I’m thankful for pizza and big smiles, because they make me think of Raymond. Whenever I see a possum or an alligator, I have to smile and think of Sandi- she was fearless when it came to critters! Whenever I take out my badge, or see an airplane, I think of Doc, and I can almost hear him shouting his favorite phrase, “Great Balls of Fire!” When I need something from Jerry’s toolbox, I’m reminded of my grandpa, and the countless woodworking projects he helped me with, and all the bicycle tires he changed for us. Whenever I smell lilacs or see a cardinal, I remember my grandma and her kind soul and soothing voice. When a deer crosses my path, or I see an eagle, I know my dad is near, and he is free, running and flying with them.
I miss all the loved ones from my past, but there are loved ones in the here and now. Not only do I have Jerry, but I have three (soon to be four) sweet and precious boys in my life who I cherish and love from the bottom of my heart. It never fails to bring a smile to my face when one of them says “Aunt Renee, you make the best bacon EVER,” or “A-nay best” (2 year-old speak for “Aunt Renee is the best”). And the giggles that come from the two little ones are so contagious! I could be in the worst, most foul mood ever, and just looking at or talking to one of these sweeties makes everything better.
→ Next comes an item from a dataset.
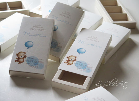 Set of 10 customizable graduation favor boxes with glossy gold print and 4 compartments - Made in Italy

As for Thanksgiving this year? While I still don’t like tea or pecan pie, I AM a convert to something- you know that paragraph I told you to remember earlier? Yeah, well… I LOVE “dressing.” And Jerry’s mom happens to make dressing that is to die for. She also makes this carrot soufflé stuff that has about 32 pounds of sugar and 12 pounds butter in it, but dang, that stuff is good! I am still sad and bitter, especially this year, since it’s also Dad’s birthday. So I’m not sure how I’ll feel. When pangs of sadness hit, I know there are still things to be happy about. I’ll go poke my sweet “Munky Chunks” so I can listen to him giggle while I’m eating another helping of dressing and carrot soufflé!
Happy Thanksgiving- may your day be happy and filled with love!